I have studied markets empirically for a long time. They fascinate me. But
ultimately they're very simple. Markets are just games with certain rules.
It's human nature to exploit knowledge for gain. And we're very good at it,
which is why you see _home sapiens_ running things and not dogs or chimps. The
emergent properties of nearly all markets are pretty obvious from the outset
if you know the rules and just extrapolate.

Brooks is analyzing psychological motives, but he half misses the point (for
the above reason; he wanted to come to a conclusion that supported a
"conservative" viewpoint). I get really annoyed when people make the argument
"but if only people hadn't mis-behaved we wouldn't be in this mess." Umm, any
exploitable situation will be exploited by someone. Quit expecting morality to
protect humanity. Don't you grok the Tragedy of the Commons?
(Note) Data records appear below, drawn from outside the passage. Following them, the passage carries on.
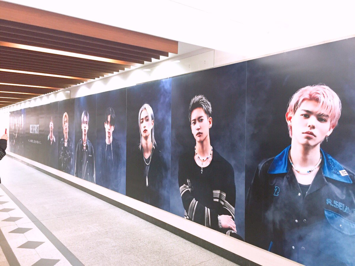 大阪梅田の阪急百貨店の近くの駅中に BE:FIRSTの巨大ポスター!!通りかかる人がみんな見てる!!ここの場所に巨大ポスターはすごいよ☺️写真撮りました!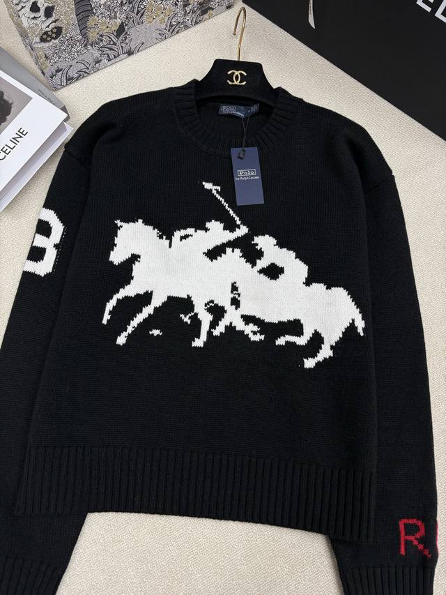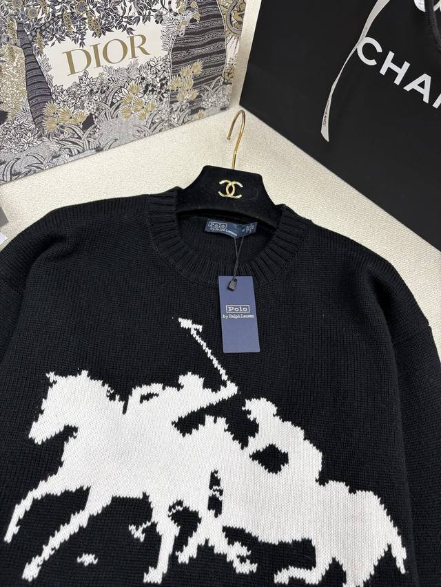Polo Ralph Lauren * 25 Autumn/Winter New Knitted Crew Neck Pullover Classic Brand War Horse Logo Pattern Color Block Jacquard Decoration Sleeves Letter Color Block Jacquard Embellishment Stylish and Exquisite Versatile Sizes Sml Aa DDD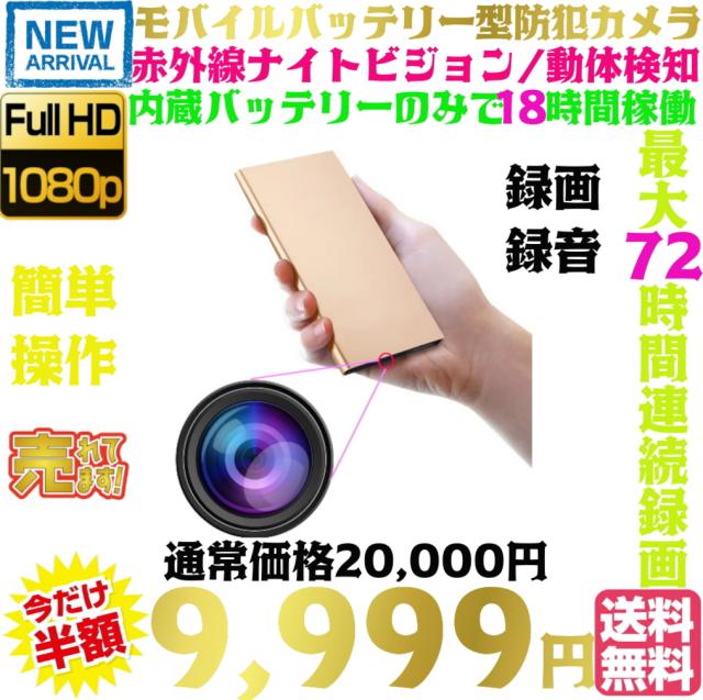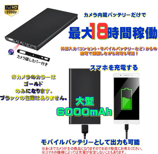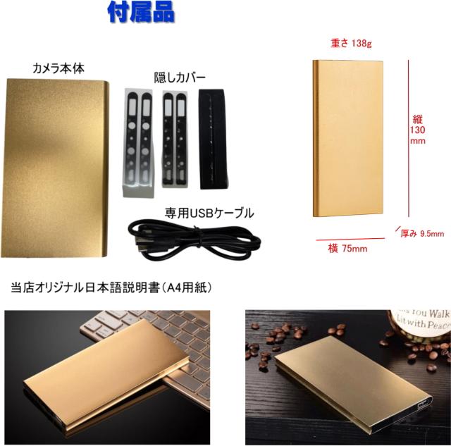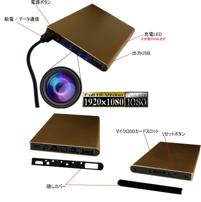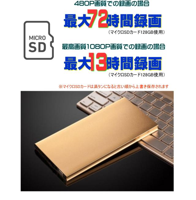 最新 正規品 TB-P1mb モバイルバッテリーカメラ 防犯 超 小型カメラ 72時間連続録画 動体検知 隠しカメラ 1080P画質 自動暗視 スパイカメラ ループ録画 マイクロSDカード 128GB対応 携帯便利 日本語取扱付き ゴールド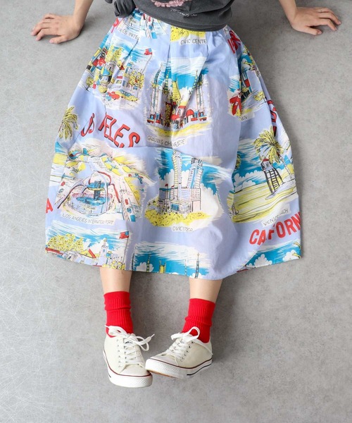 コーデの主役になる、レトロヴィンテージ柄スカート ヴィンテージライクなイラストが目を惹く、存在感のあるロングスカート。 ふんわりと広がるシルエットで、軽やかさと女性らしさを演出します。 コットン素材ならではのやわらかな風合いで、ナチュラルな着心地も魅力。 裏地付きで透け感を気にせず、安心して着用いただけます。 シンプルなトップスと合わせるだけで、コーデが完成する一枚です。 -------------------------------------- 透け感:なし 裏地:なし 伸縮性:なし ケア方法:ドライクリーニング ※お洗濯の際は洗濯表示を必ずご確認ください。 --------------------------------------
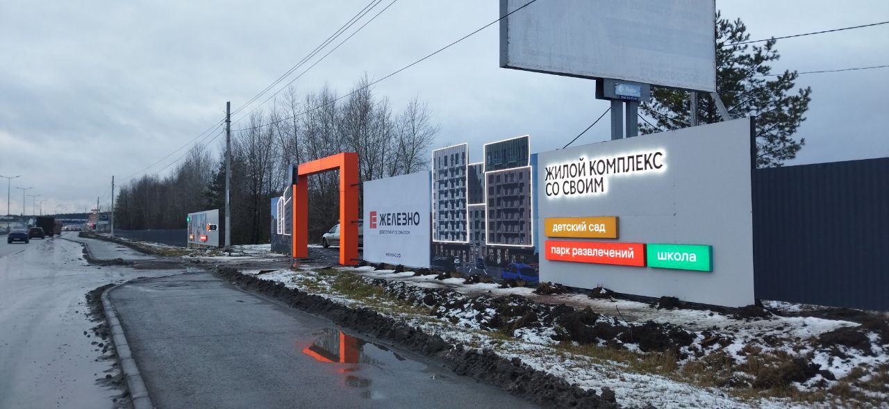 Оформили стройплощадку для «Железно»: забор стал работающей рекламой. Фирменная арка, подсветка и лаконичные баннеры повысили узнаваемость ЖК и создали притяжение для покупателей прямо у дороги.

In the case of the financial crisis the market failure was one of
externalities. If you look at the value chain of how loans were originated,
sold, and re-sold, the current crisis was inevitable. It's always been obvious
that several of the layers of the industry simply had no risk, because
intermediaries were able to make profit regardless of risk and the risk was
concentrated in an external entity. This is my favorite (and funny!)
explanation of the situation:

[http://docs.google.com/TeamPresent?docid=ddp4zq7n_0cdjsr4fn&...](http://docs.google.com/TeamPresent?docid=ddp4zq7n_0cdjsr4fn&skipauth=true&pli=1)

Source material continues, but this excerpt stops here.